Thursday Nov 21

KaiteHillenbrand I can’t get over how great it feels to meet so many wonderful artists all the time, and get to introduce them to you. It really is the cat’s pajamas.

First, I’d like to introduce you to Marilyn Taylor, Poet Laureate of Wisconsin. You will quickly find that Ms Taylor is an ardent lover of formal poetry. In her interview, she explains the excitement that she gets from writing in form and from sharing her work with others. Her poems demonstrate her success in many different forms, including a sonnet that lightheartedly pokes fun at the use of form and a glose that tears into the lies pervading society. Marilyn’s poems are serious, sad, angry, and fun—sometimes all at the same time. I’m always grateful to find poets like Marilyn who love and are excited by writing, reading, and sharing poetry.

Dede Cummings’ poem “Die Lügen” gives me chills each time I read it. Here, truth and lies from the Holocaust continue to haunt those who live and those who lived. In this poem, we are reminded that we, too, are the haunted, remembering and discovering how horrifying humanity can be.

Annie Boutelle graces our pages this month with five ekphrastic persona poems in the voice of Caravaggio. These poems are bold, seductive, and sensual, and Boutelle has crafted each line with stunning care. I love the excited, bawdy, deeply human way that irreverence mixes with  reverence in these poems.

Susan Martinello brings us two poems that share a sense of fragility of the self and of relationships. The first uses a lovely metaphor to show a mother’s attempts to keep her children’s lives near and interconnected with her own. The second employs the metaphor of seeds’ growth—and growth of one thing always means something must change, maybe even die—even the seeds themselves, as they merge with the soil to grow.

At this point, I’d like to introduce you to someone you’ll undoubtedly hear a lot about in the future: our shiny new Associate Poetry Editor, Nicelle Davis:

Nicelle-Davis Dear readers and artists, it is great to be born into the Connotation Press family! It has been a great privilege to read submissions and be privy to poems I might have never found otherwise. It seems as though my childhood dream of becoming a pirate is finally coming true as, in every submission, I find lines that shine like treasure. In the end I settled on two precious stones for this issue of Connotation Press: the diamonds of Peter Schwartz and the sapphires of Tania Pryputniewicz.

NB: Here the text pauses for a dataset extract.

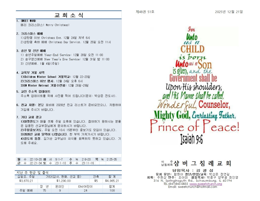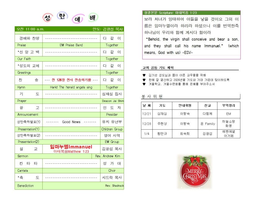December 21, 2025 . 샴버그침례교회 2025년 12월 21일 성탄주일 교회 주보

Peter Schwartzs poetry is a constant surprise. The way a diamond catches light to create a spectrum of color in its transparent belly, Schwartz’s words promise to give readers the delights of word play while grappling with humanity’s most serious questions. His questions only lead to more questions as he admits, “I've got a silhouette of dry reasons and a silhouette of near limitless doubt.” Being the pirate that I am, I can’t help but admire the fire, depth, and strength of Schwartz’s poetry.

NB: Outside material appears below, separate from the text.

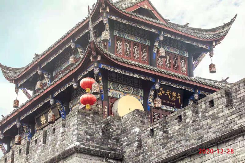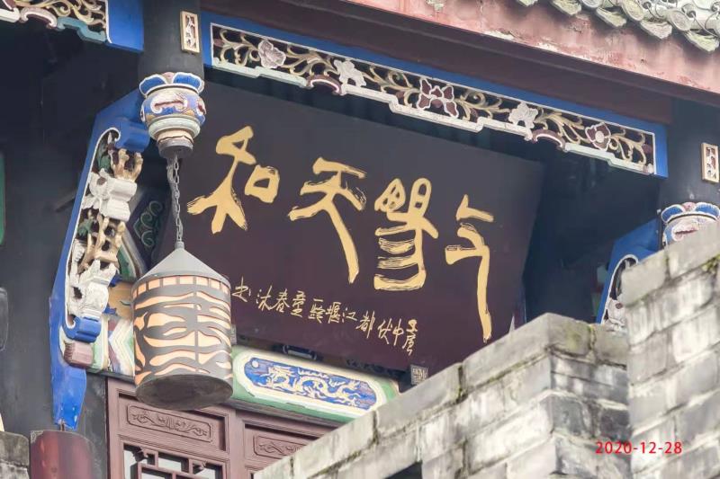 C. 书法“气畅天和”牌匾,悬挂在都江堰市中心古城楼上。2012——至今……

Tania Pryputniewicz brings the depth of the ocean with her gleaming sapphire collaboration with talented photographer Robyn Beattie. These women combine their visions to create a soulful elegy for their friend who died in the prime of life. The amount of life brimming in the lines and images of this work makes death seem more like a process than a loss. These women bring to readers the greatest treasure: sympathy.

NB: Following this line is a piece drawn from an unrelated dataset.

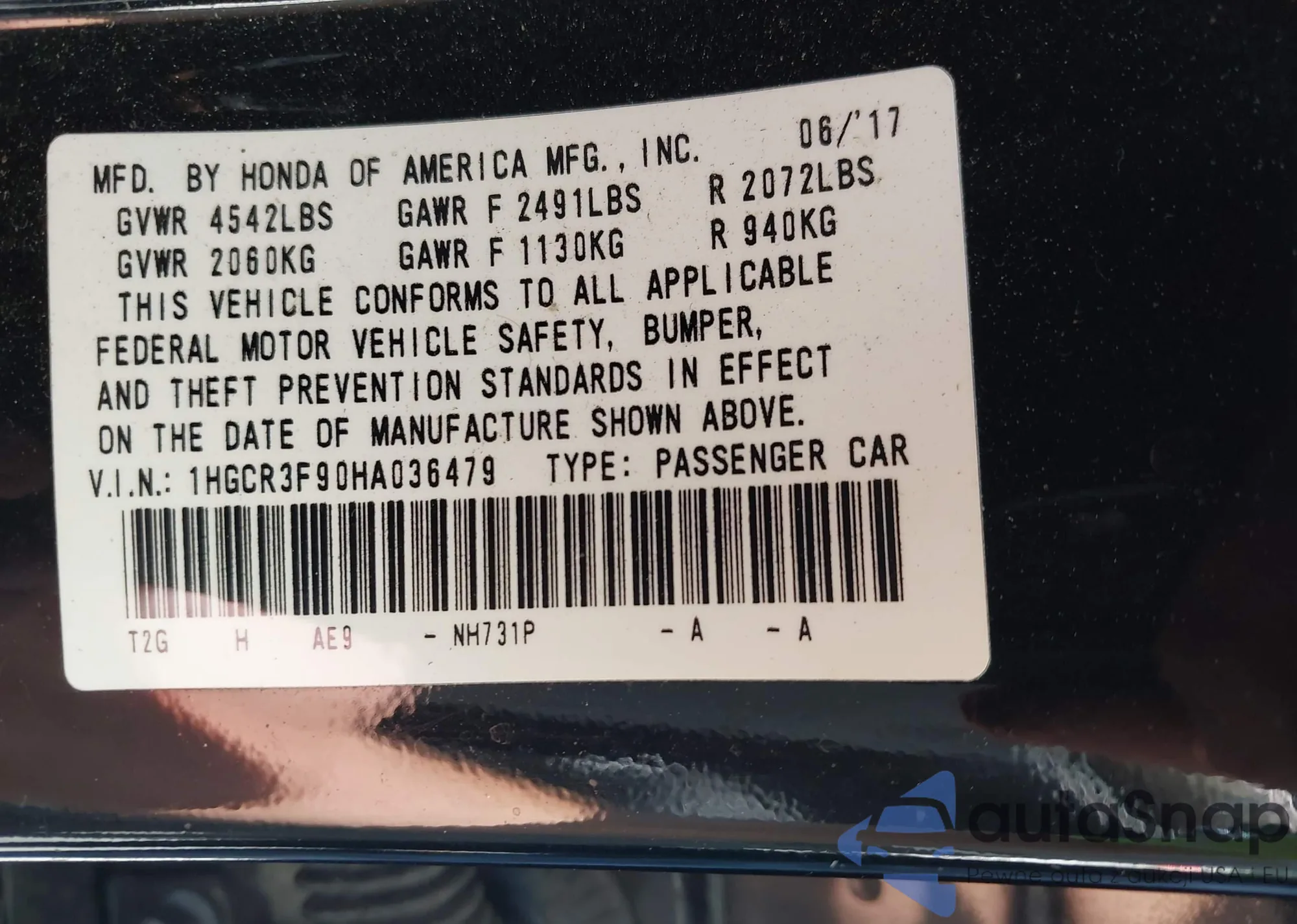 VIN: 1HGCR3F90HA036479

It is a great honor for me to offer these treasures to you. Thank you, reader, for letting me be your pirate, too. I intend to pillage and plunder the goods of the seven (internet) seas to bring the best words to you.


Arrg and love,

Nicelle Davis

Please join us in welcoming all the wonderful artists we have the pleasure of presenting in this issue. I hope you have a fine time with their poems. We sure have.  And welcome to Nicelle. It’s great to have her with us. Enjoy!